* Problem requirements *
For the data below, transcribe the part that opens with the line containing "Wee Blue Coo" and closes with the line containing "This unique taper", exactly and with no pictures.

[Data provided]

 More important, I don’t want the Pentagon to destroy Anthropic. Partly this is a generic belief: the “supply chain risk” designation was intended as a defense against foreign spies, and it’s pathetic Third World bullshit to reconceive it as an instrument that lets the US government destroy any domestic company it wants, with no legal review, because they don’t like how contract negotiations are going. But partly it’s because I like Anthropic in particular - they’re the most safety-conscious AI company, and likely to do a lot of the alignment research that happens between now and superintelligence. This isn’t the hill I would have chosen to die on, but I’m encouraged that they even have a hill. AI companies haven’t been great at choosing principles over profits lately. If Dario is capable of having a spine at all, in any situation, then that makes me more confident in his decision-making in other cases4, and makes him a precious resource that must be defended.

[/Data provided]
[Data provided]

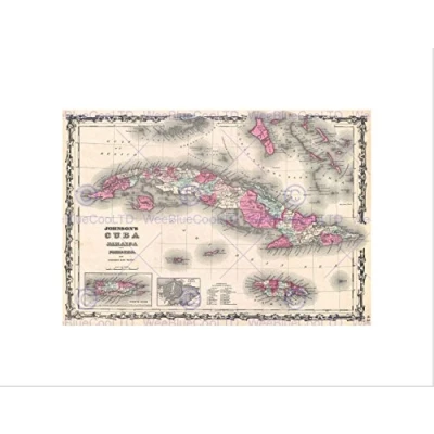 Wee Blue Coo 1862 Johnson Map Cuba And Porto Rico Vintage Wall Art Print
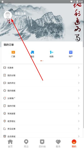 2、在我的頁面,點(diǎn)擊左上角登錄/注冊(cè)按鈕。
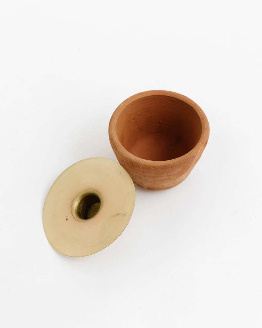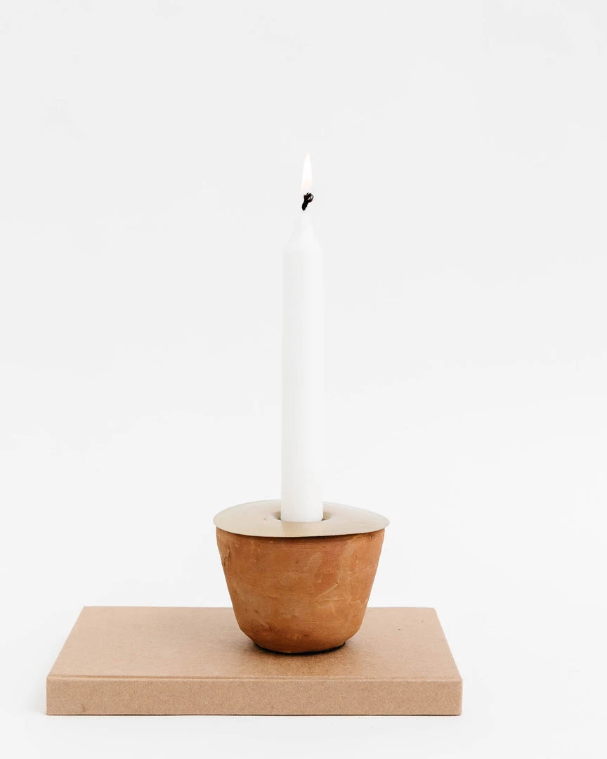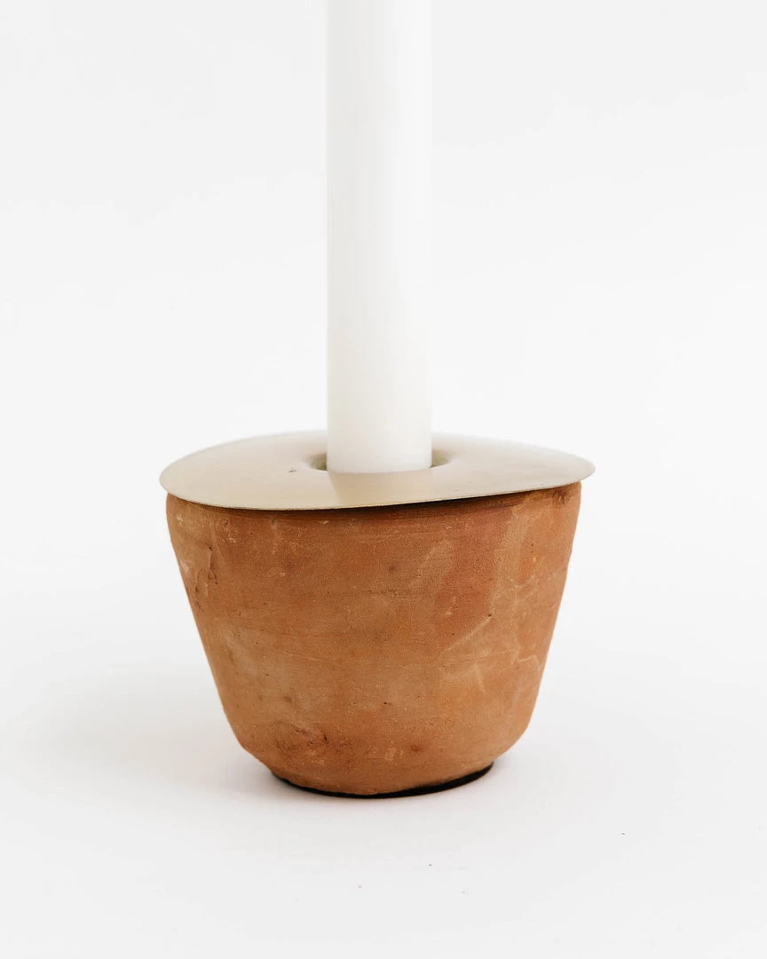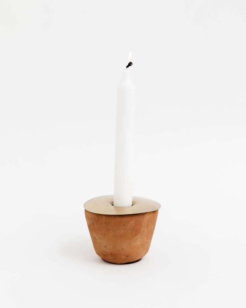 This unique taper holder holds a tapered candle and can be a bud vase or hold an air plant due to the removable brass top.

[/Data provided]

* Output of the exercise *
 Wee Blue Coo 1862 Johnson Map Cuba And Porto Rico Vintage Wall Art Print
 2、在我的頁面,點(diǎn)擊左上角登錄/注冊(cè)按鈕。
 This unique taper holder holds a tapered candle and can be a bud vase or hold an air plant due to the removable brass top.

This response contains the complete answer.